Using these categories, I have classified the nearly 900 podcasts since 2008. I have tried to be objective, but there will be a level of error introduced where a particular person may agree or disagree with me on my subjective determinations.

Men & Women in SYMIH’s episode archive

I used the archive provided at their website, and the descriptions at the episode’s profile (using some light webscraping, notebook with code here), to collect the title, date published, and the synopsis of the episode. After collecting this into a single google sheet, I used the synopsis or listened to the episode where necessary, to determine the Gender (as described in the previous section) for each the nearly 1,000 episodes (DAMN LADIES) (see my data here).

In whole, men get more episodes than women by far on SYMIH

If we examine the 816 episodes that I covered in my analysis through the lens of the ‘gender loose’ examination (see above). We can see that MOST of the episodes done by Stuff you Missed are either explicitly about men or about subjects that mostly involve male achievement. Women or their achievements make up just a fifth of all episode subjects (more three fifths are about men a difference of roughly 40%). As seen below, when women do have episodes it tends to be biography rather than about their achievements, as most female episodes remain female in the tight categorization.

From loose to tight the percentage of episodes about men go down roughly 15%, where the percentage about episodes about women go down by only 2%. The difference is mostly in the movement of podcasts about male projects or achievements into the “Neutral”* category. Still over half of the 816 episodes are about men (that’s 360 episodes). So Ross, over the long run it you’ve had your wish – most of the episodes SYMiH have done are about men!

Over time, men still get more episodes than women by far on SYMIH

In fact, on average over time SYMIH hosts have had roughly 5.5 male podcasts and 1.8 female podcasts per month (loosely), though the precise numbers move up and down depending on the month.

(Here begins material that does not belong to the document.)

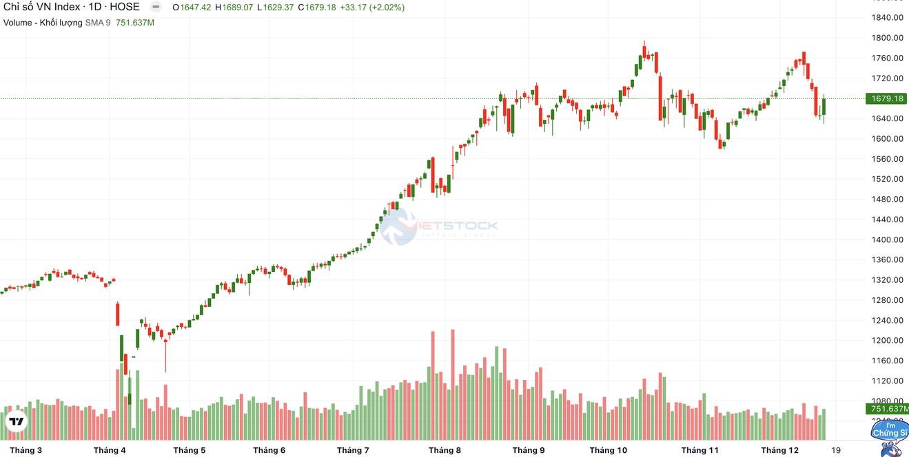 Bước sang phiên chiều, dòng tiền bắt đáy nhập cuộc mạnh mẽ, giúp thị trường hồi phục rõ nét. Thanh khoản tăng dần cùng đà hồi phục của giá cho thấy tâm lý nhà đầu tư đã ổn định hơn so với những phiên giảm điểm trước đó. Kết thúc phiên giao dịch, VN-Index tăng 33,17 điểm, lên mức 1.679,18 điểm.

The numbers for men go down again, to roughtly 4.4 for male podcasts per month and 1.6 female podcasts per month when evaluately tightly. Perhaps the strongest argument for the “we need more male episodes” crowd comes from this – when evaluated tightly men’s episodes go down far more than female episodes. I expect that the male listeners writing in have a tendency to view male-oriented episodes as neutral rather than male-coded. As a woman living in a ‘male-default’ world, this is baffling.

Men & Women: How does historical documentation actually break out?

This data, from Pantheon 1.0, represents information on the most globally popular biographies on Wikipedia. Manually verified, it represents data collected on the 11,341 biographies which have been translated into 25 languages. I will use this as a stand in for the interest of these people in history, and how we study them, divided across gender lines. Despite making up half of the human population** women are far less represented in the number of biographies, at most representing 23.5%of the biographies in any 10 year period of history.

The long tail on the left demonstrates that for both men and women, that for most of history there were few historical figures of much prominence today (but fewer women), and that around the 1800s we see the number of notable personages of historical significance start to climb exponentially. I believe that this can be generically ascribed to two phenomena 1) increased access to opportunity (democratization of government, increasingly permeable social strata, and more educational opportunities) and 2) increased attention on accurate documentation of history. Further, since this data represents only ‘popular’ biographies it may be that readers are simply more interested in people in history from the relatively recent past. There is a stark drop off around the 1990s and 2000s, this is entirely expected given that few people from these last 30 years have attained popular historical significance yet (i.e. few 30 year olds are mentioned in the history books right now).

As history moves into more modern era (1900s and forward) we may anecdotally expect a few possible outcomes in the ratio of men to women in history, that the number of female biographies would grow at the same rate as men, maintaining their lower ratio, or that women may actually start to catch up with men as feminism begins to balance the scales between the two genders. Though the ratio of men to women becomes less egregious as we reach the modern era, over the time period the average ratio is 10:1 (men: women) . The ratio of men to women starts in the early 1800s*** at 15:1 (male:female) and increases to a peak of 39:1 during the late 1800s. Steadily declining from the peak it finally reaches a low of 1:1 in the late nineties (though averages 5:1 during the period).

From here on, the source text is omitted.